Si vous êtes parents et que vous glissez vers l’épuisement, il existe une application pour accéder à un test à visée diagnostique. Pour savoir si vous êtes concerné ( si vous êtes proche ou loin du burn-out) vous pouvez compléter le test en ligne sur le site https://www.burnoutparental.com/suis-je-en-burnout ). Vous n’avez pas besoin de vous identifier et le test est gratuit et anonyme. Vous recevrez un retour immédiat sur votre risque ou votre niveau de burn-out.
J’espère que cet article n’a pas été trop indigeste à lire ! J’ai édulcoré au maximum les descriptions en essayant de synthétiser, ne gardant que ce qui me paraissait important pour la compréhension des pathologies et des syndromes car bien évidemment c’est en général beaucoup plus complexe que les descriptions que je donne ici.

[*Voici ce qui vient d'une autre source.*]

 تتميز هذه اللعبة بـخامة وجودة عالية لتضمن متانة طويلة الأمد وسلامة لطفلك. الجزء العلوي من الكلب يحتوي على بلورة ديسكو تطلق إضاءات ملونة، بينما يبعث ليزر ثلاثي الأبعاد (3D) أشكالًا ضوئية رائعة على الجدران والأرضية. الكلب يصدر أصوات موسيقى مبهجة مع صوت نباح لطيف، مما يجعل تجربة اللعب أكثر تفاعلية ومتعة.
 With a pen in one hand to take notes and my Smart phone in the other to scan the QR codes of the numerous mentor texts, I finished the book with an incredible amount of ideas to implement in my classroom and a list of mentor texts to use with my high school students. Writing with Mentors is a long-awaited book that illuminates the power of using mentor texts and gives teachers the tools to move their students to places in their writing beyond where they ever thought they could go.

Avant de vous présenter plus en détail l’épuisement parental dans un prochain article, il me semblait important de faire un rappel sur les autres syndromes et les pathologies liés à la parentalité.
A bientôt,
Anne-Sophie.
Bibliographie
Comment traiter le burn-out parental ? Manuel d’intervention clinique, Maria Elena Brianda, Isabelle Roskam et Moïra Mikolajczak, De Boeck Supérieur s. a, 2019
Le Burn-out parental. L’éviter et s’en sortir, M. Mikolajczak, I. Roskam, Odile Jacob, 2020
Le burn out parental, Liliane Holstein,Josette Lyon, 2015
“Cortisol levels in saliva and mood changes in early puerperium”, F. Bonnin, J Affect Discord., 26(4), 1992, p. 231-232.

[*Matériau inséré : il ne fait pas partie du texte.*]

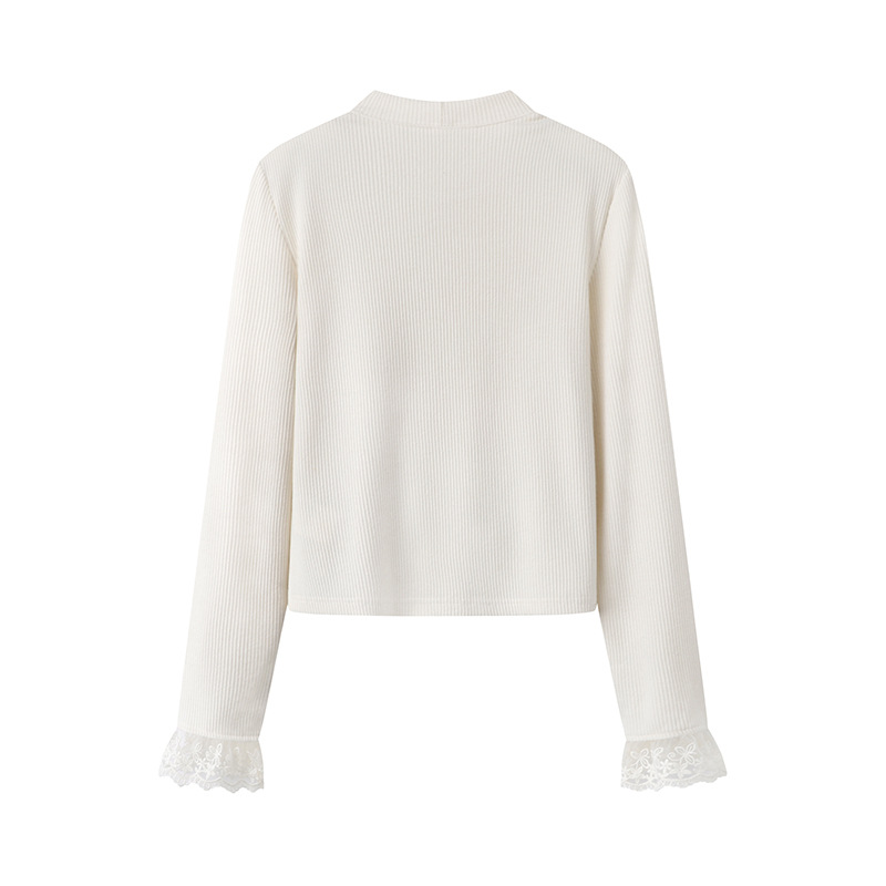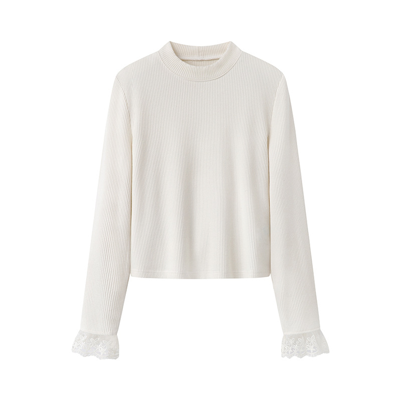 레이스 세미 하이 칼라 긴팔 티셔츠 바닥 셔츠 여성용 2024 가을 및 겨울 새로운 인테리어 슬림 핏 탑 KSD2412008스토어 가기
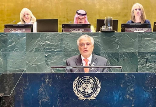 سعودی عرب اور فرانس کی مشترکہ میزبانی میں منعقدہ اس کانفرنس سے خطاب کرتے ہوئے اسحاق ڈار نے فرانسیسی حکومت کی جانب سے فلسطینی ریاست کو تسلیم کرنے کے فیصلے کو سراہا اور کہا کہ عالمی برادری کو اب فلسطینی عوام کے حقِ خود ارادیت کو تسلیم کرنا ہوگا۔
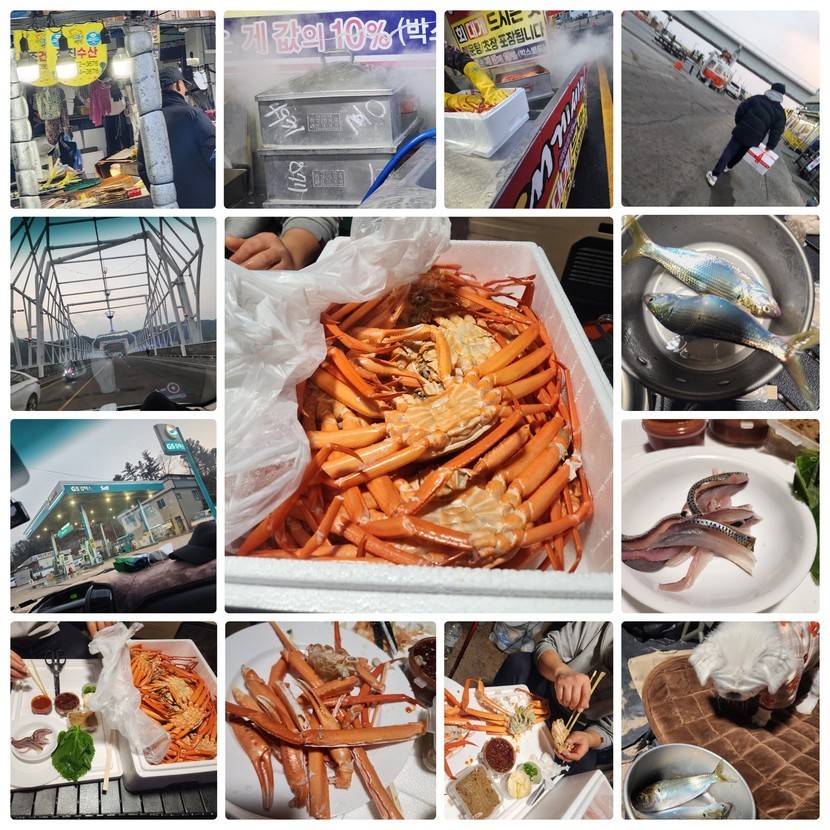 동광어시장🦀난전홍게🫓호떡🌅일출🍗닭갈비🪧속리산🍜라면🐟신포명태

“Singing the “baby blues: a content analysis of popular press articles about postpartum affective disturbances”, R. Martinez et coll., Women Health, 31(2-3), 2000, p. 37-56.
Study of the relations between the pain of childbirth and postpartum, and depressive and traumatic symptoms, N. Séjourné et coll, Gynecol Obstet Fertil Senol., 46(9), 2018, P. 658-663.
Cindy Fernandes. Baby-blues et dépression post-natale : évaluation des connaissances des femmes : quelle information ont-elle reçue ?. Gynécologie et obstétrique. 2012. ffdumas-00765348f
Im, Virginie, et Michel Briex. « Baby blues », Spirale, vol. 89, no. 1, 2019, pp. 131-135.